The solution of the paper given is the following. Suppose the network can learn a matrix B which is in the null space of x's, that is, B is such that for any x, Bx = 0. Then to recover x, one only needs to first compute By = Be and then recover e using sparse recovery and then recovery e.
I don't see any guarantee that why such B can be founded. Also the learning algorithm only finds incoherent B at most but not RIP. The two main theorems are not proved formally. Results in Section 3 and 5 are almost well known.
Q2: Please summarize your review in 1-2 sentences
The paper is not well written enough and confusing in the neural feasibility part (for example, it seems that authors think that an algorithm is neurally feasible if it only uses matrix vector inner products..) Section 3 and 5 seem to contain well known results.
Submitted by Assigned_Reviewer_2
Q1: Comments to author(s). First provide a summary of the paper, and then address the following criteria: Quality, clarity, originality and significance. (For detailed reviewing guidelines, see http://nips.cc/PaperInformation/ReviewerInstructions)
The authors consider the problem of associative memory storage and recalling using a sparse recovery model. More storing the memory, they learn a set of linear constraints that the vectors must satisfy, and establish capacity bounds using the null space property and restricted isometry property from compressed sensing. The memory recall assumes that the error signal is sparse, and use sparse recovery methods to reconstruct the error and retrieve the memory.
Quality/Clarity: The paper is unfortunately poorly written. Theorems 1 and 2 (the central claims) are stated without proofs, and they do not connect theorem 3 and Proposition 4 to them, which would clarify how their results hold. It is not clear how exponential capacity is achieved.
Originality: As the authors acknowledge, their idea and algorithm of choice for finding the right null space is not novel [13].
The neural feasibility of the iterative soft thresholding algorithm using Bregman divergence is known in the literature (See e.g. Hu, Genkin and Chklovskii, Neural Computation 2012). The authors devote more than a page in their manuscript for this without acknowledging that.
Maybe I miss something, but I was also not particularly impressed with Theorem 3 on the null space property. I thought that more tight (logarithmic) results can be obtained there similarly to proposition 4 for the RIP, but maybe I miss something.
Significance:
While the problem is interesting the authors do not make comparisons with the recent paper [13] that deals with the same problem. They state that the results in [13] are less robust, but do not show numerical comparisons in their figure. The y-label in Fig 2 seems also to be the opposite from what intended, the probability of failure should decrease with sparsity.
Q2: Please summarize your review in 1-2 sentences
The authors deal with the problem of associative memory storage and retrieval using ideas from sparse signal recovery. Unfortunately, their main claims are not proven and the novelty compared to other methods is questionable.

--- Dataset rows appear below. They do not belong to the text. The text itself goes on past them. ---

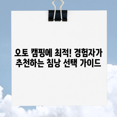 오토 캠핑에서 적합한 침낭 선택은 여러분의 야외 경험을 크게 향상시킬 수 있습니다. 적절한 형태와 소재 선택은 물론 계절에 알맞은 침낭을 갖추는 것도 필수적입니다. 3계절용 사각 침낭을 선택하고 여기에 추가적인 용품을 고려하는 것은 여러분의 캠핑 경험을 더욱 풍부하게 만들어 줄 것입니다.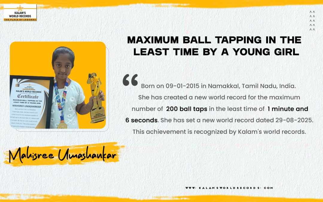 Born on 09-01-2015 in Namakkal, Tamil Nadu, India. She Has Created a New World Record for the Maximum Number of 200 Ball Taps in the Least Time of 1 Minute and 6 Seconds. She Has Set a New World Record Dated 29-08-2025. This Achievement is Recognized by Kalam’s World Records.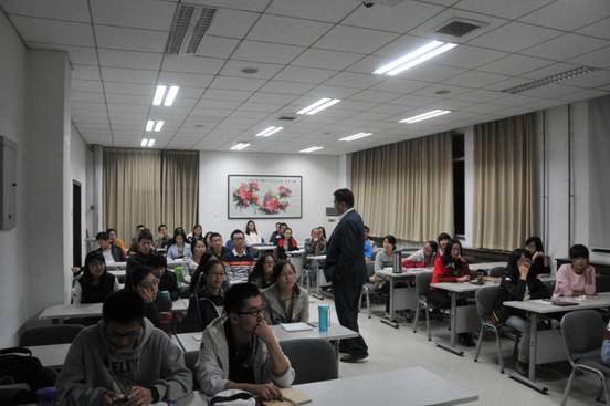 In this evening, Prof. Shen Wei made a lecture entitled as“China -EU relations for 40 years”in the conference room 210 at the School of Management. He also introduced ESSCA and“3+2”joint training project.(School of Management)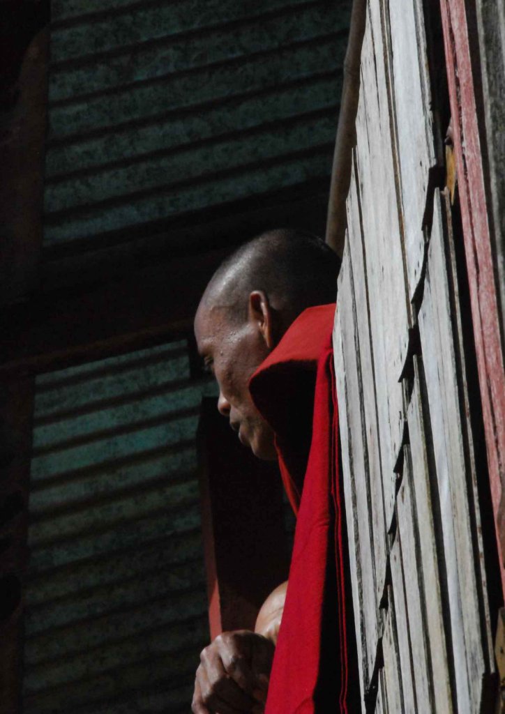 晨曦中,始建於西元前588年、至今已有2600年歷史的大金塔氣勢與艷陽一樣宏偉,群聚的鴉群亦增添了幾分嫵媚和神秘。從最初僅高20公尺,經過129位國王整修,到今日的112公尺高,塔頂上還有全世界最大的紅寶石和76克拉的鑽石,技藝精湛,攝人心魄;也是這片昔日的世界米倉、寶石之都、蝴蝶民族的信仰指標與生活信心。微風拂過,塔尖風鈴叮噹作響,幾位路過的僧侶認出了舍甘達西亞多,周圍不少信眾也紛紛伏地向他跪拜。

Submitted by Assigned_Reviewer_3
Q1: Comments to author(s). First provide a summary of the paper, and then address the following criteria: Quality, clarity, originality and significance. (For detailed reviewing guidelines, see http://nips.cc/PaperInformation/ReviewerInstructions)
- Summary This paper proposes a Hopfield-like model of associative memory based on sparse signal recovery. They learn a set of linear constraints satisfied by all data vectors. i.e., a basis for the null space of the data's span. This basis is analogous to compressive sensing measurements. They then show that, for certain assumptions on the dataset, they end up with a null space basis that satisfies sufficient conditions for sparse recovery. Then they show that there is a neurally-plausible algorithm by which the data vectors can be reconstructed from the null-space basis.

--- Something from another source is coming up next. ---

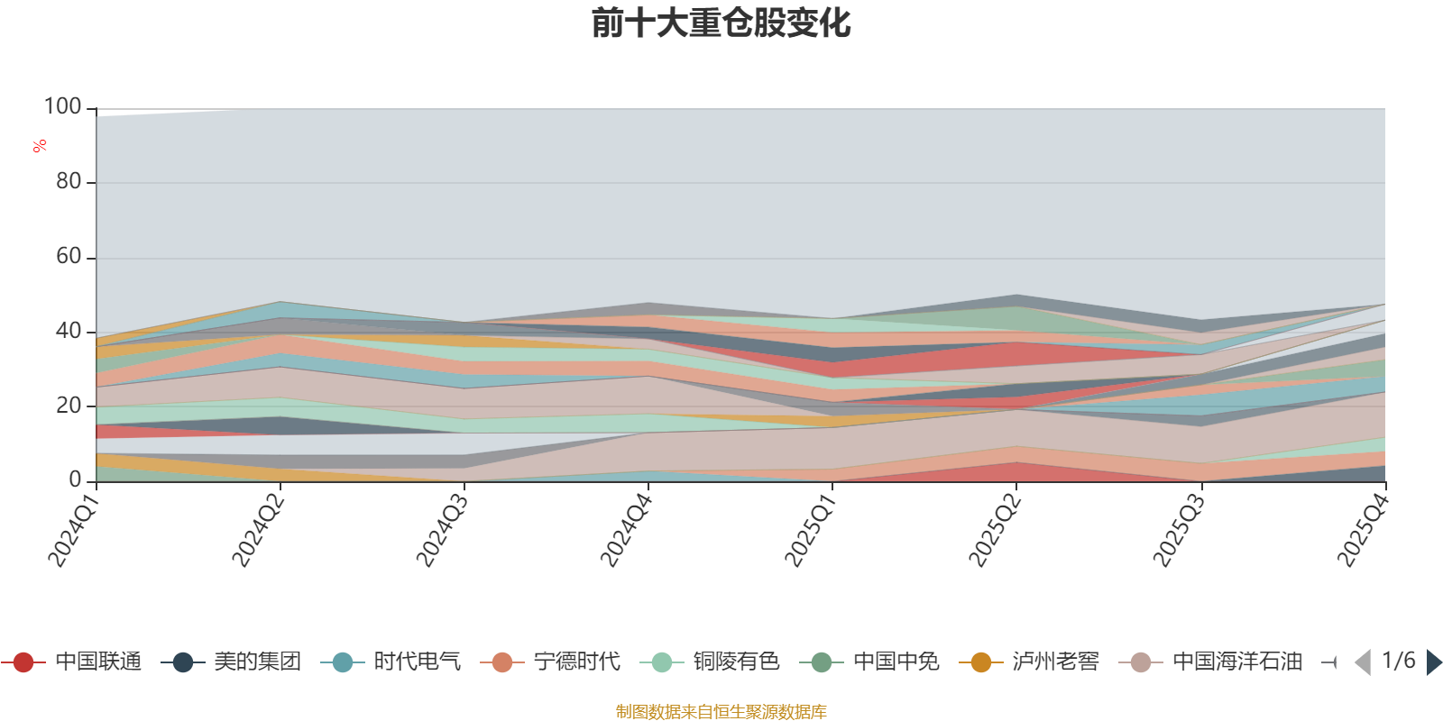 截至2025年四季度末,基金十大重仓股分别是中国海洋石油、三角防务、中国平安、美的集团、国电电力、宁德时代、铜陵有色、紫金矿业、伊利股份、腾讯控股。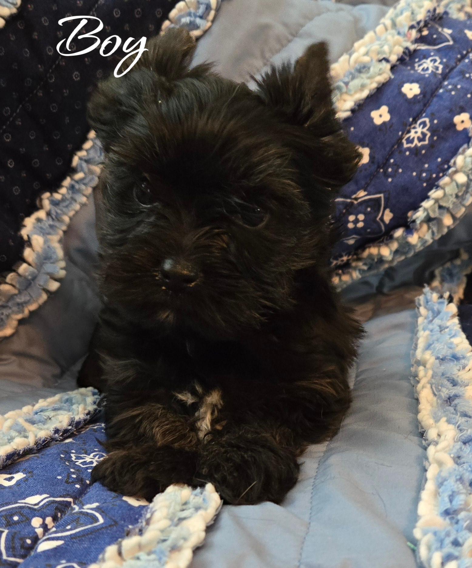 Mamba is an AKC registred three and a half lb KB black sable yorkie. He carries blonde and parti.

- Quality The experiments illustrate the approach's feasibility. It's nice to see the results for the different choices of dataset and noise model. The rest of the paper is also convincingly argued.
- Clarity The paper is well-explained. However, it has many distracting typos. It would benefit from additional proofreading.
- Significance Promisingly, the recall algorithm proposed here is neurally plausible. It might motivate further research in computational neuroscience or neural net modeling along these lines.
- Minor 1. There is a typo in the RIP equation (2), on the RHS it should be (1 + delta). 2. The word "the" is missing in the second to last sentence of the first paragraph of 3.1. (line 190) 3. The word "probability" is duplicated in the last sentence of the last paragraph of 3.1. (line 247) 4. The last line on page 5 is missing the word "the" (line 269). 5. Line 280, this sentence is not grammatical.
Q2: Please summarize your review in 1-2 sentences
This paper proposes an interesting associative memory model based on sparse signal recovery. The recall algorithm is neurally-plausible and may motivate further research in this area.
Submitted by Assigned_Reviewer_4
Q1: Comments to author(s). First provide a summary of the paper, and then address the following criteria: Quality, clarity, originality and significance. (For detailed reviewing guidelines, see http://nips.cc/PaperInformation/ReviewerInstructions)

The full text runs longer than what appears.